_What to produce_
Only the pictures are to be left out; please reproduce everything else in the data exactly.

_Supplied material_
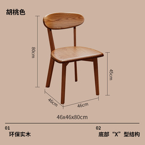 两把装【胡桃色】路易斯椅 FAS级·优质橡胶木/稳固承重
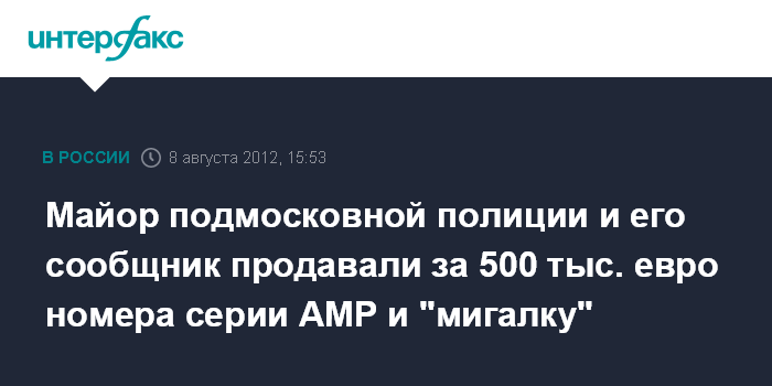 Москва. 8 августа. INTERFAX.RU - Офицер и бывший прапорщик полиции задержаны в Московской области по подозрению в мошенничестве, связанном с выдачей спецсигналов на автомобили и номеров престижной серии АМР за полмиллиона евро, сообщили в пресс-центре МВД РФ.
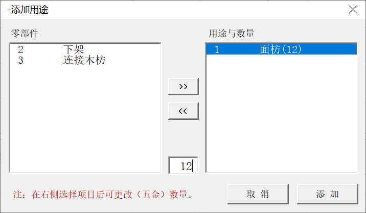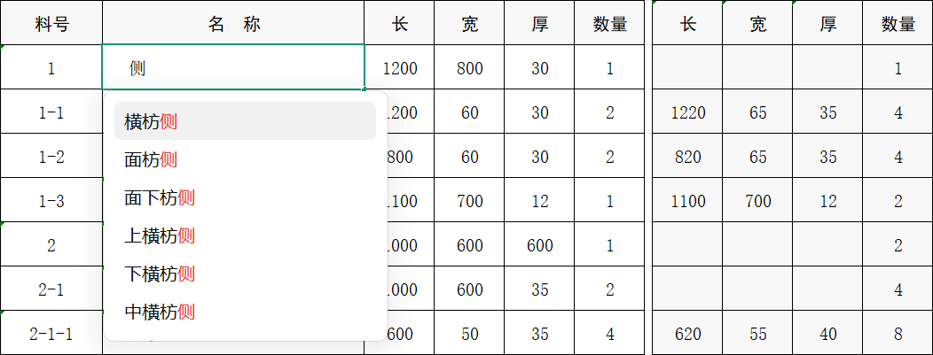 材质:列表源为“物料数据库”已排除软体木架的“木材”(软体配置中的“骨架木料”),实现快速定位与数据同步

_Solved problem_
 两把装【胡桃色】路易斯椅 FAS级·优质橡胶木/稳固承重
 Москва. 8 августа. INTERFAX.RU - Офицер и бывший прапорщик полиции задержаны в Московской области по подозрению в мошенничестве, связанном с выдачей спецсигналов на автомобили и номеров престижной серии АМР за полмиллиона евро, сообщили в пресс-центре МВД РФ.
 材质:列表源为“物料数据库”已排除软体木架的“木材”(软体配置中的“骨架木料”),实现快速定位与数据同步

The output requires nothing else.